Disabling libata (with hwprobe=-modules.pata) makes all those symptoms disappear (it then bootsup really fast without such errors).
Will attach more detailed info and logs soon.
Could we fix this or at least blacklist this controller?
Comment 1 Frank Seidel 2007-10-10 14:54:19 UTC
Created attachment 177452 [details]
lspci -v of nx9005
Comment 2 Frank Seidel 2007-10-10 14:54:49 UTC
Created attachment 177453 [details]
hwinfo --storage-ctrl of nx9005
Comment 3 Frank Seidel 2007-10-10 14:56:09 UTC
Created attachment 177454 [details]
dmesg of boot with 10.3-GM default kernel with "time" bootparameter given
Comment 4 Frank Seidel 2007-10-10 15:00:21 UTC
In the beginning those pauses are "just" about five seconds each:
---
[    2.604000] ata1.00: ATA-6: IC25N040ATMR04-0, MO2OAD5A, max UDMA/100
[    2.620000] ata1.00: 78140160 sectors, multi 16: LBA48 
[    2.652000] ata1.00: configured for UDMA/100
[    2.988000] ata2.00: ATAPI: HL-DT-STCD-RW/DVD DRIVE GCC-4241N, 0C29, max MWDMA2
[    3.176000] ata2.00: configured for MWDMA2
[    3.192000] scsi 0:0:0:0: Direct-Access     ATA      IC25N040ATMR04-0 MO2O PQ: 0 ANSI: 5
[    8.712000] ata2.00: exception Emask 0x0 SAct 0x0 SErr 0x0 action 0x2 frozen

---
but this one is really nasty.. especially as it happens always, on every bootup (while suspend/hibernate don't work yet) and it also seems to "pause" the system sometimes in between/while normal operation..
---
[   38.164000] ALSA sound/pci/ali5451/ali5451.c:1935: ali mixer 1 creating error.
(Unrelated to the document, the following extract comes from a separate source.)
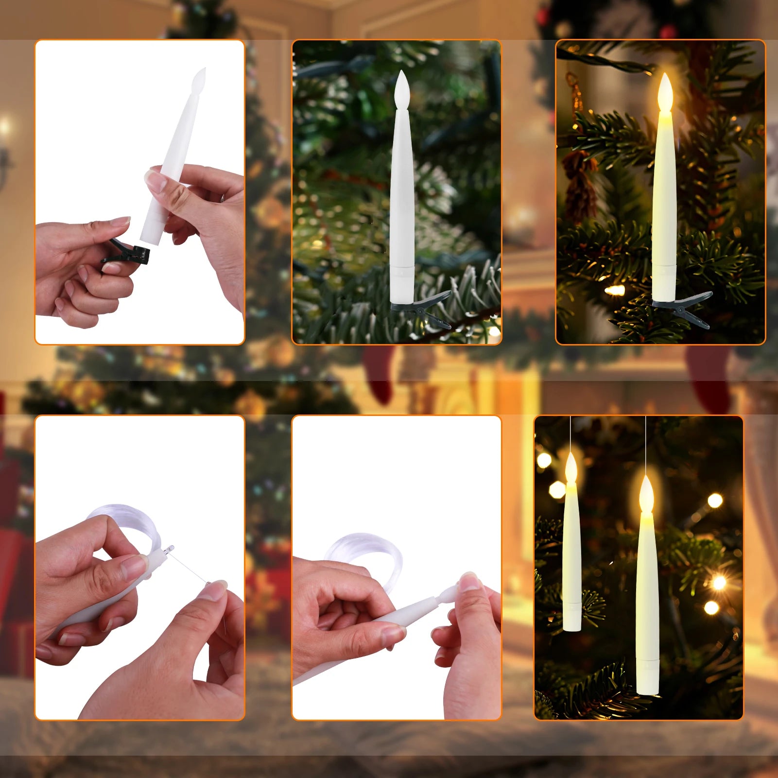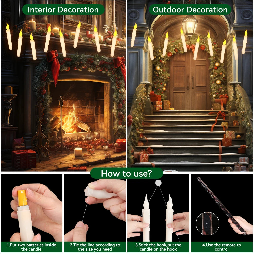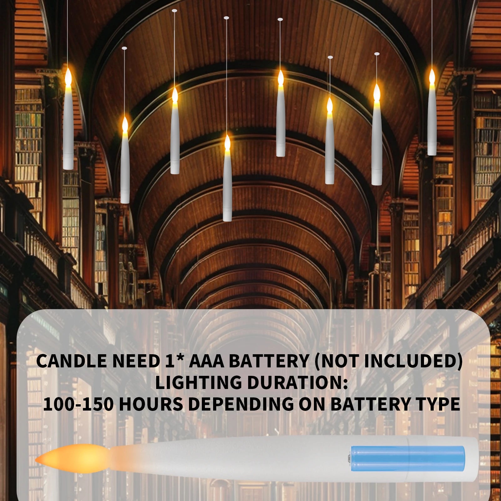 CREATE A MAGICAL AMBIENCE - The 8/12 packs of flickering flameless floating candles come with a fishing line (transparent), you can easily cut the length you like and thread it through the top, making it easy to hang straight and even. You can create a magical floating candle effect anywhere you like. The flickering warm white light emitted by these candles creates a magical atmosphere, perfect for adding a touch of enchantment to your home decor, Halloween Decorations, parties, weddings, or any special occasion.

[   63.800000] ata2.00: exception Emask 0x0 SAct 0x0 SErr 0x0 action 0x2 frozen
[   63.816000] ata2.00: cmd a0/01:00:00:00:00/00:00:00:00:00/a0 tag 0 cdb 0x5a data 128 in
[   63.816000]          res 40/00:03:00:00:20/00:00:00:00:00/a0 Emask 0x4 (timeout)
[   63.856000] ata2: soft resetting link
[   64.368000] ata2.00: configured for MWDMA1
[   64.384000] ata2: EH complete
[   94.404000] ata2.00: exception Emask 0x0 SAct 0x0 SErr 0x0 action 0x2 frozen
[   94.420000] ata2.00: cmd a0/01:00:00:00:00/00:00:00:00:00/a0 tag 0 cdb 0x5a data 128 in
[   94.420000]          res 40/00:03:00:00:20/00:00:00:00:00/a0 Emask 0x4 (timeout)
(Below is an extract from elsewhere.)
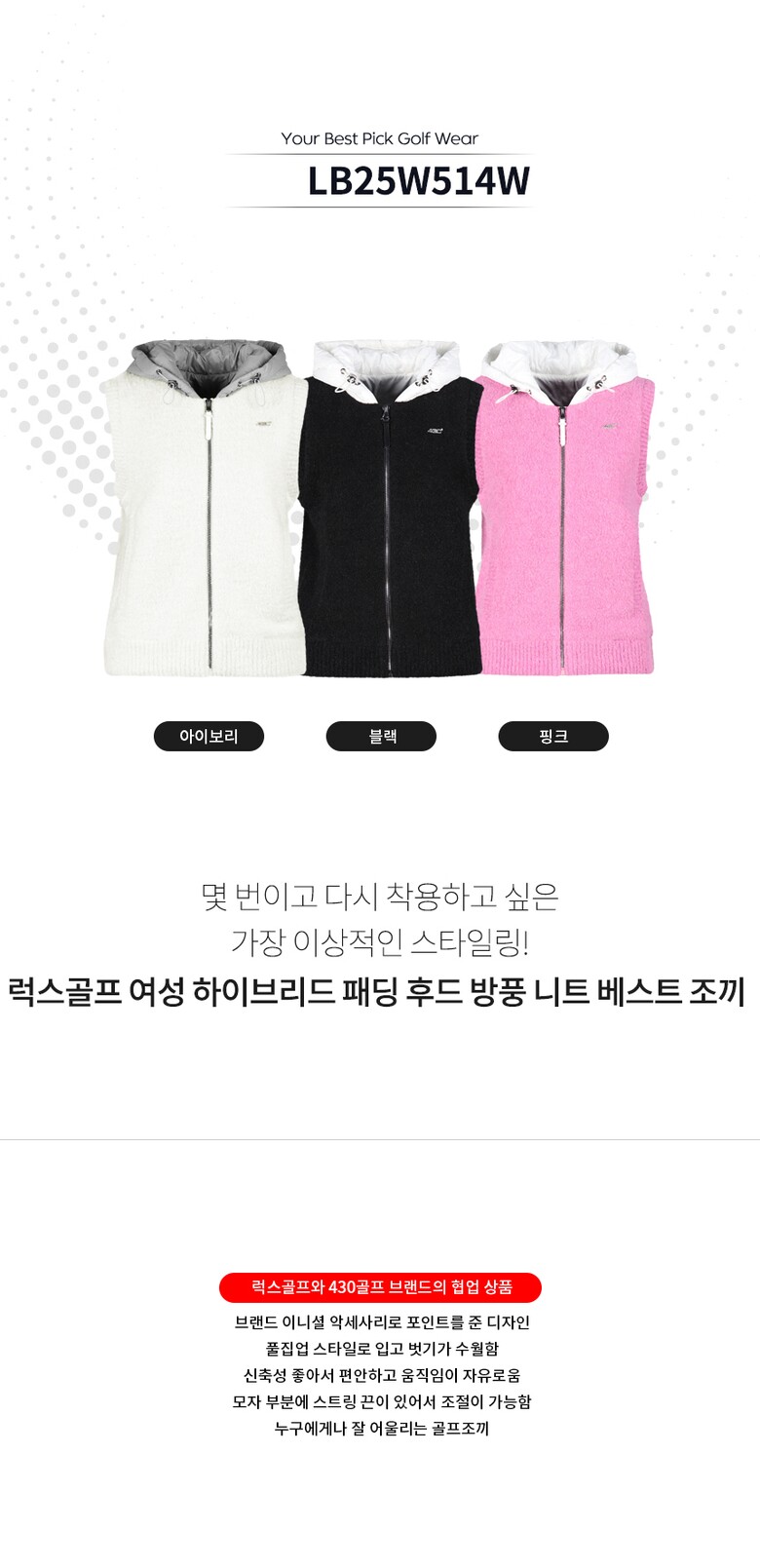골피아 LB25W514W 여성 하이브리드 패딩 후드 방풍 니트 베스트 조끼

[   94.460000] ata2: soft resetting link
[   94.968000] ata2.00: configured for MWDMA1
[   94.984000] ata2: EH complete
[  125.004000] ata2.00: exception Emask 0x0 SAct 0x0 SErr 0x0 action 0x2 frozen
---
Comment 5 Frank Seidel 2007-10-10 15:01:56 UTC
We now have this machine available here. Please let me know how i can help on this or if you'd need this machine so we could send it to you.
Comment 6 Tejun Heo 2007-10-11 02:07:51 UTC
Does kernel parameter "libata.pata_dma=1" help?
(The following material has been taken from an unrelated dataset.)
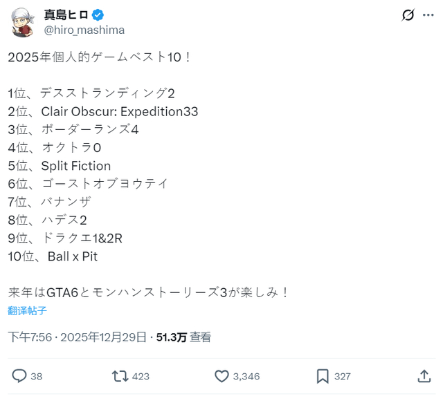 近日,真岛浩在个人 X(原 Twitter)账号上,公开了他从今年年初到现在,亲自游玩后评选的「年度最佳游戏 TOP10」。
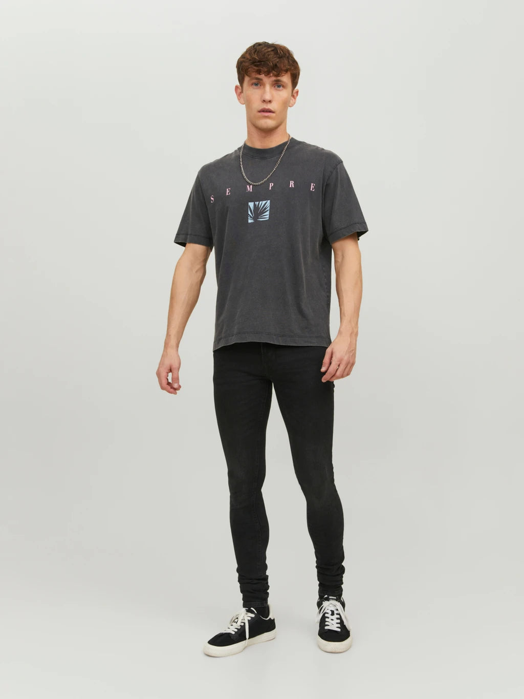 تيشيرت مريح وأنيق؛ مصنوع من قماش جيرسي ناعم الملمس؛ - نوع المنتج: تيشيرت؛ - الرقبة: دائرية؛ - طول الكم: قصير؛ - الغسيل/التشطيب: غسيل حجري لإضفاء مظهر مغسول وممزق؛ - الطباعة: طباعة مطاطية لملمس ناعم؛ 100% قطن؛

Comment 7 Frank Seidel 2007-10-11 08:51:52 UTC
Yes, absolutely. Booted with this parameter there are no more pauses, no ata exceptions and also the smart-warning is gone.
Comment 8 Frank Seidel 2007-10-11 08:53:19 UTC
Created attachment 177608 [details]
dmesg with libata.pata_dma=1 given on boot
Comment 9 Tejun Heo 2007-10-11 09:27:24 UTC
Thanks.  Can you post kernel boot log with IDE driver (brokenmodules=pata_ali or from SL102)?
Comment 10 Frank Seidel 2007-10-11 10:41:23 UTC
Created attachment 177638 [details]
bootlog with ali15x3 ide driver

A 10.2 installation wasn't on the system and brokenmodules=pata_ali didn't work on the 10.3 system to any reason (even with rebuilt initrd etc.),

but i got those boot messages out of a 10.3 rescue-system booted with brokenmodules=pata_ali
Comment 11 Tejun Heo 2007-10-11 11:45:13 UTC
And you can access ODD without any problem from the rescue boot, right?  libata currently has quite some problems with MWDMA devices on various drivers.  There definitely is something wrong with MWMDA handling but we don't know what yet.  I'll dig into the code.  Thanks.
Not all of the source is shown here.